The Common Good

Ryan Beiler: Christian Peacemakers Forgive Iraqi Captors Now Facing Trial

Norman Kember, Harmeet Singh Sooden, and James Loney, the three Christian Peacemaker Team members held by Iraqi militants for 118 days last year have responded to the arrest and trial of their captors much in the way anyone familiar with their organization would expect - with unconditional forgiveness and an unequivocal condemnation of violence as a means of justice.

Below are a few excerpts from their statement. You can also read James' and Harmeet's personal accounts of their abductions in the December issue of Sojourners magazine.

We unconditionally forgive our captors for abducting and holding us. We have no desire to punish them.
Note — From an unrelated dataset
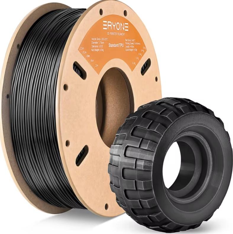 Эластичный пластик типа TPU для печати мягких поверхностей и эластичных моделей. Твердость такого пластика составляет 95A (единиц) по Шору. Вполне подойдет для печати чехлов на смартфоны или легкой летней обуви. Обратите внимание, адгезии TPU к PLA/PETG нет, но можно использовать в паре с ABS-пластиком.

Punishment can never restore what was taken from us.

What our captors did was wrong. They caused us, our families and our friends great suffering. Yet, we bear no malice towards them and have no wish for retribution. Should those who have been charged with holding us hostage be brought to trial and convicted, we ask that they be granted all possible leniency. We categorically lay aside any rights we may have over them.

In our view, the catastrophic levels of violence and the lack of effective protection of human rights in Iraq is inextricably linked to the U.S.-led invasion and occupation. As for many others, the actions of our kidnappers were part of a cycle of violence they themselves experienced. While this is no way justifies what the men charged with our kidnapping are alleged to have done, we feel this must be considered in any potential judgment.

...

Kidnapping is a capital offence in Iraq and we understand that some of our captors could be sentenced to death. The death penalty is an irrevocable judgment. It erases all possibility that those who have harmed others, even seriously, can yet turn to good. We categorically oppose the death penalty.

As one who spent many agonizing moments in prayer and reflection on their abduction last year (having considered going to Iraq with CPT myself), emotions rush back to the surface as I remember their lives hanging in the balance. On the other side of that Advent, I marvel at how their lives - and that of their fallen colleague Tom Fox - continue to shine as witnesses to the Prince of Peace and power and possibility of forgiveness and reconciliation.

Ryan Beiler is the Web Editor for Sojourners/Call to Renewal.